# Input data:
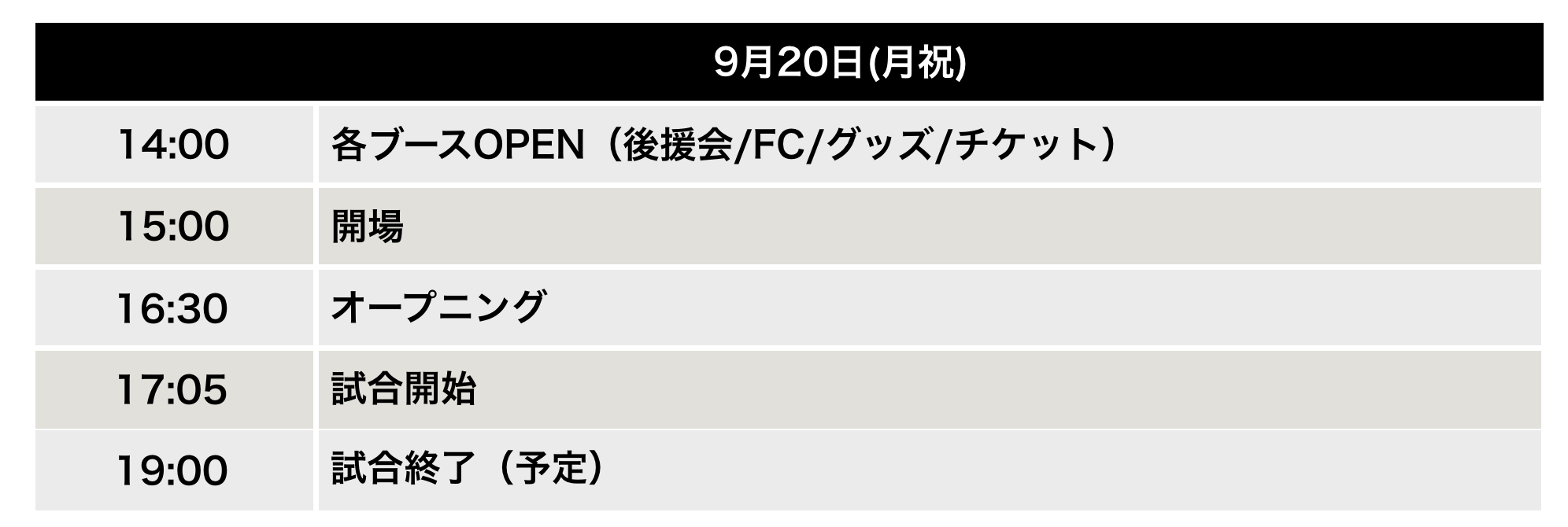 | 日時 | 9月20日(月祝) 一般開場 15:00 試合開始17:05 |
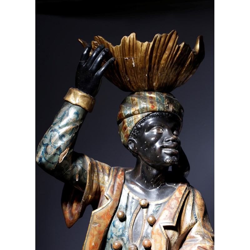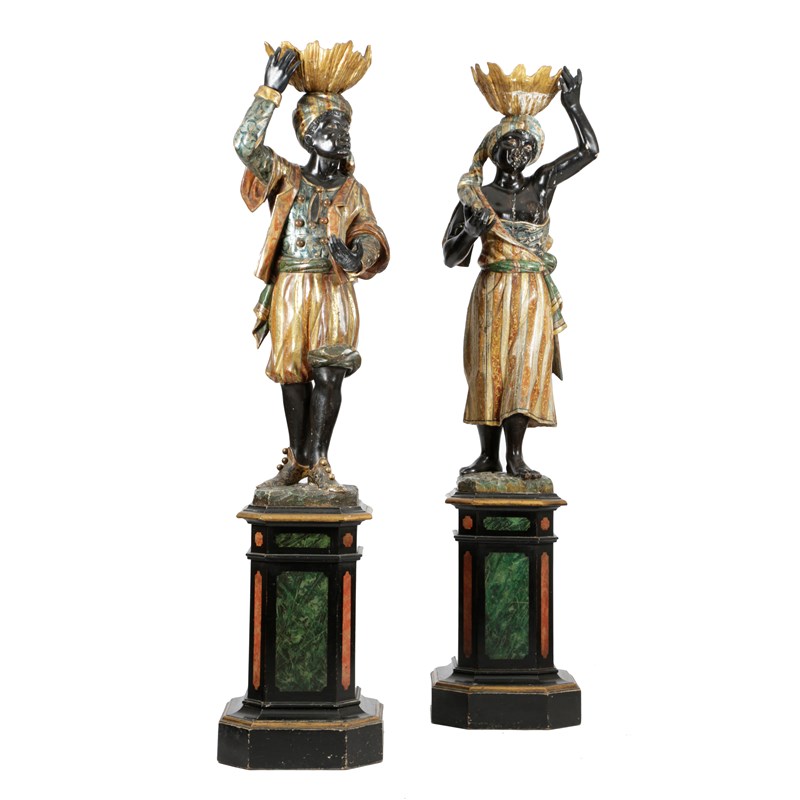A PAIR OF ITALIAN POLYCHROME DECORATED PINE BLACKAMOOR TORCHÈRES
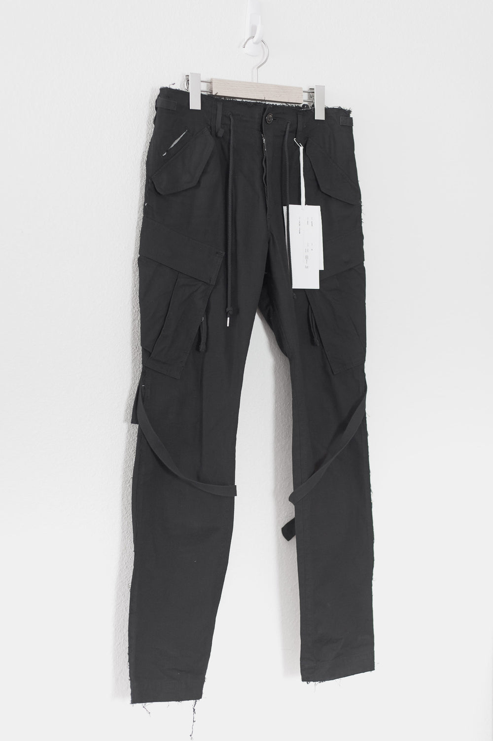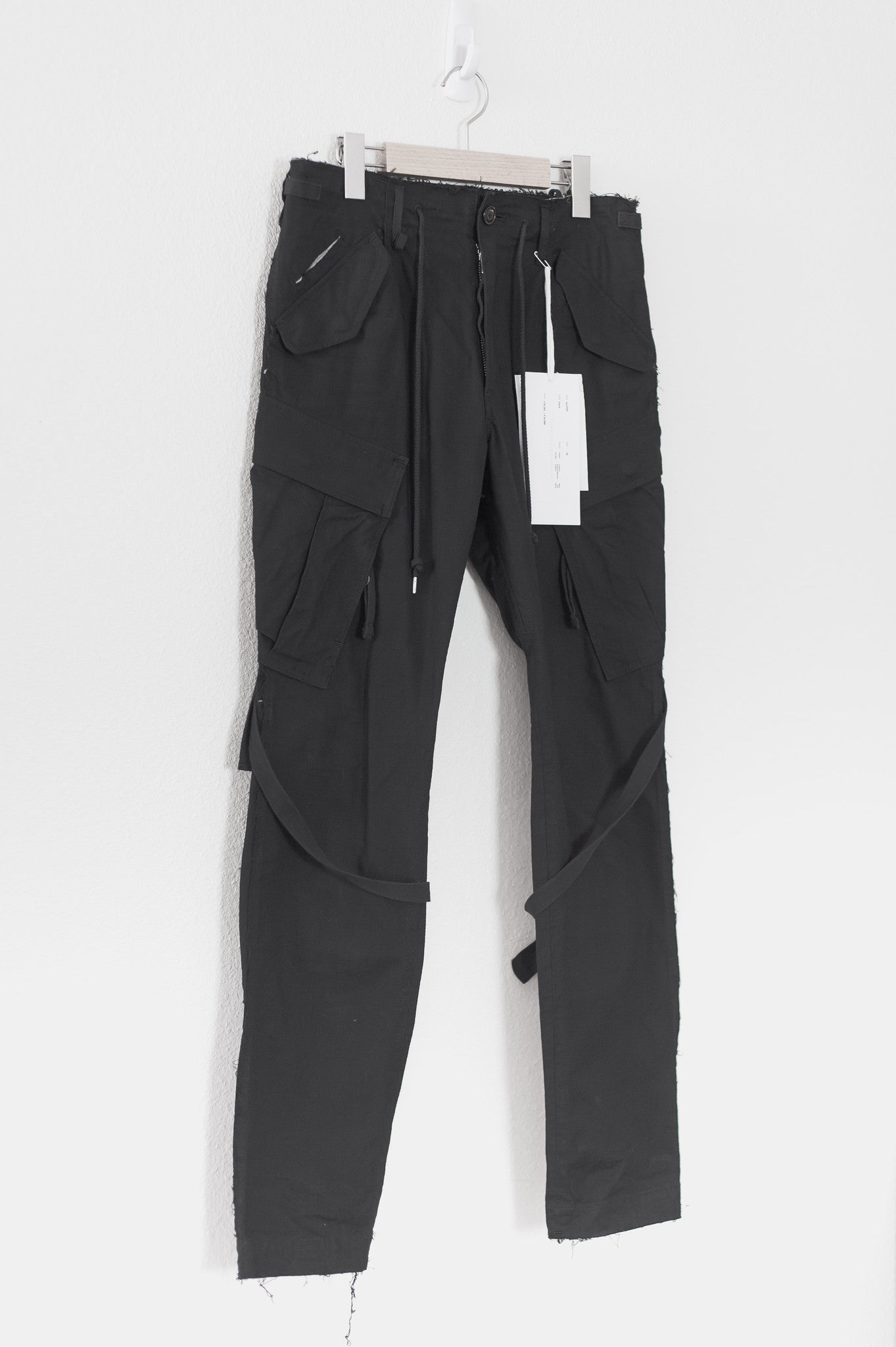 Incredible pair of pants from 15SS featuring Takahiro Miyashita's characteristic deconstructed raw seams and bondage straps throughout. Details include waist buckle straps, thigh straps, calf buckle straps, zip & flap cargo pockets, coin pocket, drawstring waist, internal doobie pocket and more!! Comes with tags. Retails for $784. Made in Japan. 10/10 condition, no flaws.
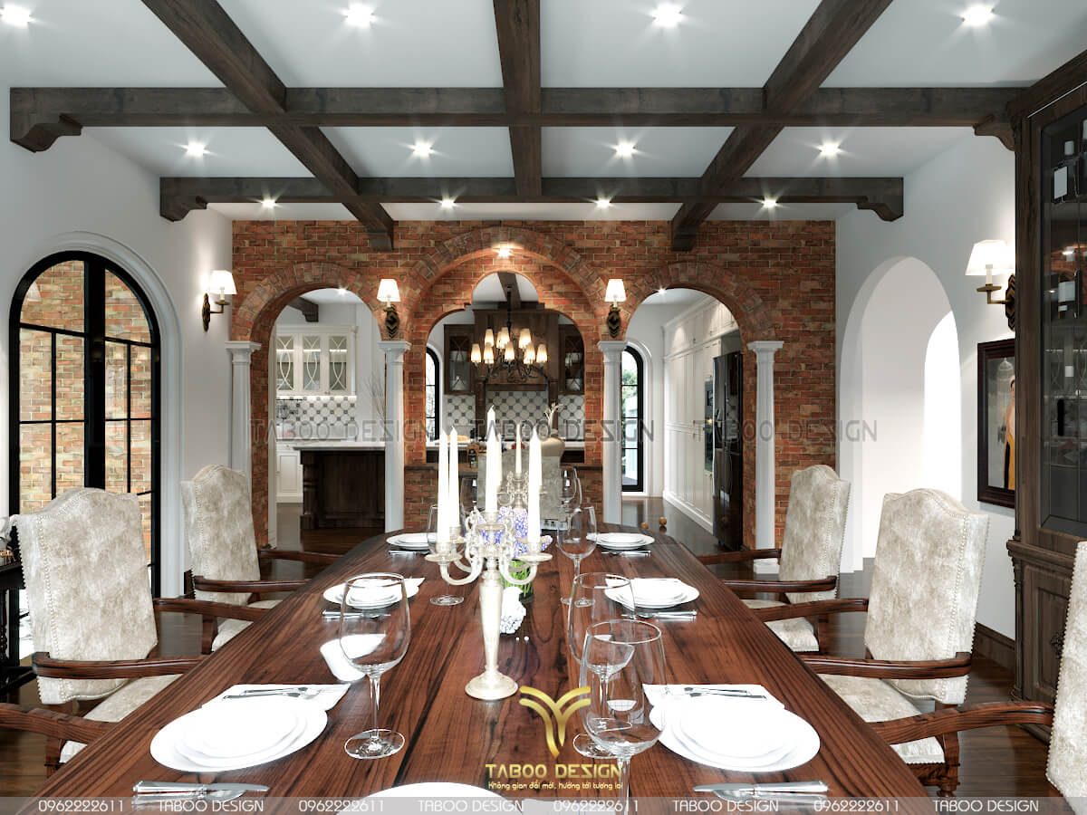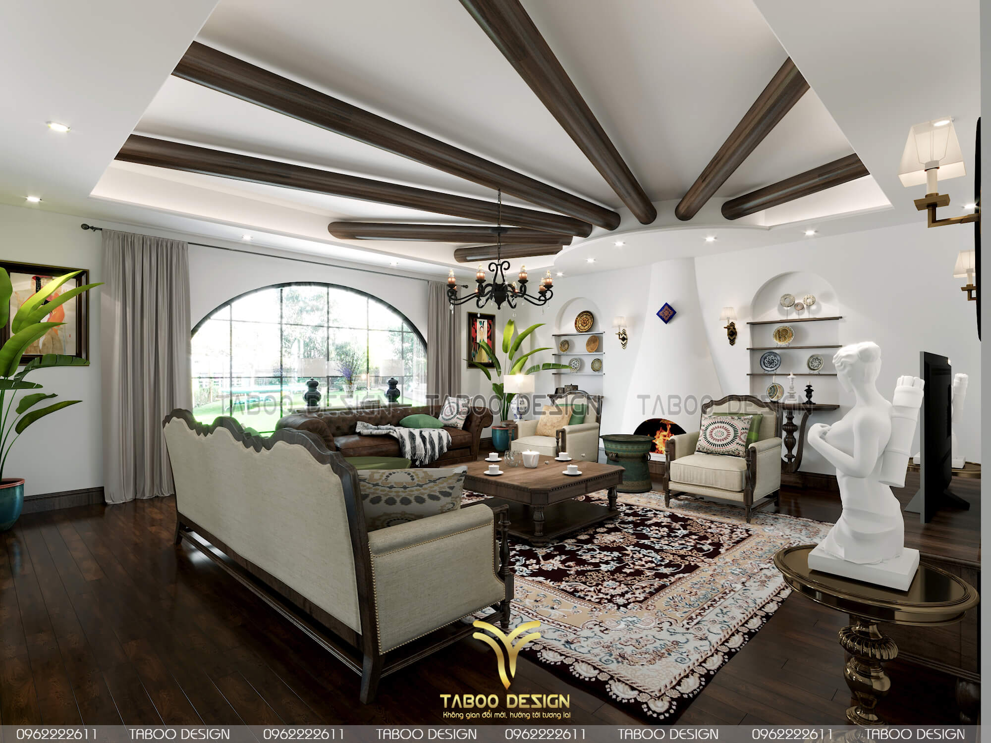Một trong những đặc trưng của kiến trúc Địa Trung Hải là sử dụng những hình vòm với tỉ lệ cân đối cho thiết kế cửa chính, cửa sổ và vòm hiên mái che. Cách thiết kế này giúp đảm bảo tính thẩm mỹ cũng như tạo nên nét riêng biệt, cuốn hút cho công trình. Để giúp cho biệt thự 3 tầng đón ánh sáng và gió được dễ dàng, hệ cửa chính bằng gỗ tự nhiên kết hợp kính cường lực và hệ cửa sổ bằng khung nhôm xingfa kết hợp kính cường lực. Có thể thấy biệt thự được thiết kế theo xu hướng mở làm tăng sự thoáng đãng cho không gian nội thất.

# Task prompt:
Would you mind transcribing the material exactly, without the pictures?

# Solved exercise:
 | 日時 | 9月20日(月祝) 一般開場 15:00 試合開始17:05 |
A PAIR OF ITALIAN POLYCHROME DECORATED PINE BLACKAMOOR TORCHÈRES
 Incredible pair of pants from 15SS featuring Takahiro Miyashita's characteristic deconstructed raw seams and bondage straps throughout. Details include waist buckle straps, thigh straps, calf buckle straps, zip & flap cargo pockets, coin pocket, drawstring waist, internal doobie pocket and more!! Comes with tags. Retails for $784. Made in Japan. 10/10 condition, no flaws.
Một trong những đặc trưng của kiến trúc Địa Trung Hải là sử dụng những hình vòm với tỉ lệ cân đối cho thiết kế cửa chính, cửa sổ và vòm hiên mái che. Cách thiết kế này giúp đảm bảo tính thẩm mỹ cũng như tạo nên nét riêng biệt, cuốn hút cho công trình. Để giúp cho biệt thự 3 tầng đón ánh sáng và gió được dễ dàng, hệ cửa chính bằng gỗ tự nhiên kết hợp kính cường lực và hệ cửa sổ bằng khung nhôm xingfa kết hợp kính cường lực. Có thể thấy biệt thự được thiết kế theo xu hướng mở làm tăng sự thoáng đãng cho không gian nội thất.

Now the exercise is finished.